Why do bad events from childhood to repeat again and again?
By nakula2009
@nakula2009 (2325)
Indonesia
August 28, 2011 2:16pm CST
I mean for example a woman who grew up in a home where the mother was beaten by his father, why did the same thing happens all the time back when she grows up? She unconsciously seeks such men? They unconsciously look for such men?
Why is a child who experiences violence in childhood has made??, and later often violent? Most men who beat their wives?
Can you ever change?
4 people like this
4 responses
@rifnee (1713)
• Indonesia
30 Aug 11
The question of "why" implies already that it were so. I do not agree. I know enough people to repeat themselves which is not bad events from childhood.
As a direct answer:
If one firmly believes that it meets and probably subconsciously yourself wondering then.
Anyone can change. But: Where one-will, there's a way.
@dayangsumbi2010 (1724)
• Indonesia
30 Aug 11
It's called a "repetition compulsion".
The reason for such repetitive events, the child's trauma is mixed with the love of the Father.
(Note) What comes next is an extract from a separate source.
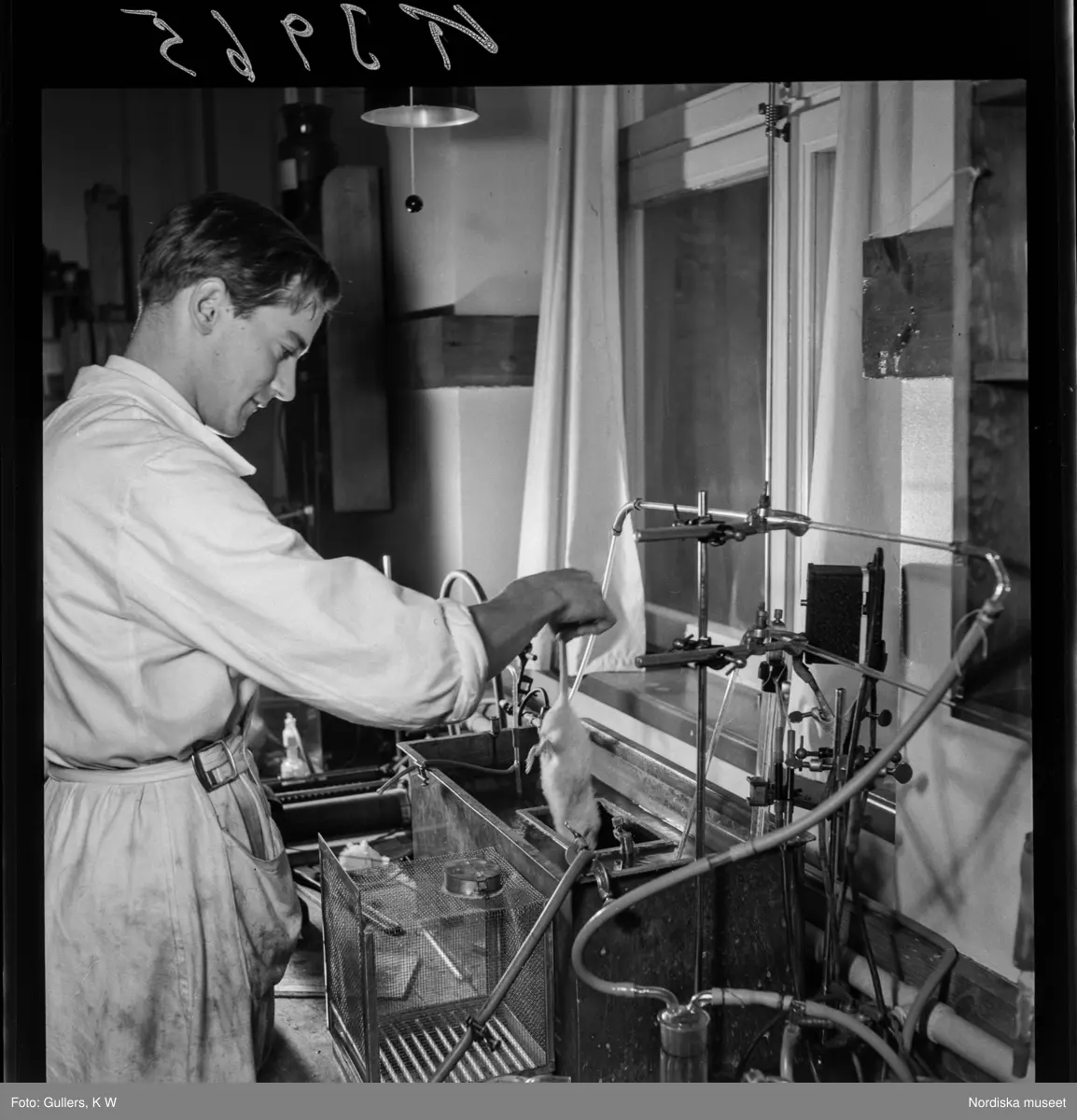 507 D Ultuna. Djurförsök. En man arbetar i ett labb.

Children love their parents, but certainly not always the way they are.
A thrashing Santander father is someone who wants to change the child. But this is not because children are exposed to the brutal helpless adults.
You must be careful that they do not relate themselves beaten, if they were "brazenly" allow only one sentence.
But the trauma eat into the soul of the child. If the adult person then looks for a partner, they instinctively keep looking for someone who the father is similar in its action.
The "father" should be changed now, at least yet.
This works well in boys (men), whose mother was very cold and unloving. The man marries a woman who is as cold-hearted.
In such relationships the partner plays the parent, the child is as happy to have decided otherwise.
If the trauma can not be resolved, meaning each new relationship and new back pain.
@kendedes2011 (2712)
• Indonesia
29 Aug 11
Because they did not understand the madness and saw this wound festers in her and it hurts.
To cure this, it needs not only to remembering even the loving attentive Accept.
As in life we ??tend to repress suffered unbearable pain and to forget to date remain viable, the emotional content of disappearing acts in the burden underground into the unconscious and thus acts diffusely in the background.
This is often perceived as perfidious and if you look at the self-reproach, the very confusing and feels sorry for bringing.
So we are urgently looking for a relief valve.
Ideally, parents would have to assume their dominant position in the little creature.
But if the parents had to learn that they are not accepted, then they give it, at least unconsciously, to their children.
They must also learn to follow in order to understand their parents.
As the compulsive behavior is presented superficially rational, while the feelings rigorously suppressed and thus, from the perspective of the victim, totally illogical acts, a gaping wound in His created between thinking and feeling.
To cure this, and to change work for thousands of years humans and repeatedly fail at the habit and the addiction of unconscious retaliation.
So clear answer to your last question:
Yes, they can change if we support them, just as we need support when it comes to tackle a problem.
@najibdina29 (1309)
• Indonesia
29 Aug 11
Victims are often perpetrators.
They have not mastered the previous situation. And above all, as stored in their brain that the offender has "won". If they bring others into the situation in which they were themselves at some point, they can be pretty sure that they themselves are the victims again. (Attack is the best defense)
I had always thought that learning the "old" victim of her experiences so far that they would make it even better because they know best how stupid is this role. I had long thought that the social component would be written much larger total. But it is not often. If you learn patterns of behavior, you behave like this indeed - if one has for his life (? Exaggerated) feared, will be "on the other side."
But it may be that we remain a long-term victims. This is often the case when one has been confirmed in this role, for example. (If you get such attention by the otherwise often lacking?) Or you have something "positive" is reached? (E.g., the will get as a child.)
These repeats found in women as in men rather than equally. ...
But I do not at all as black paint. determined to come out with the help of this predicament.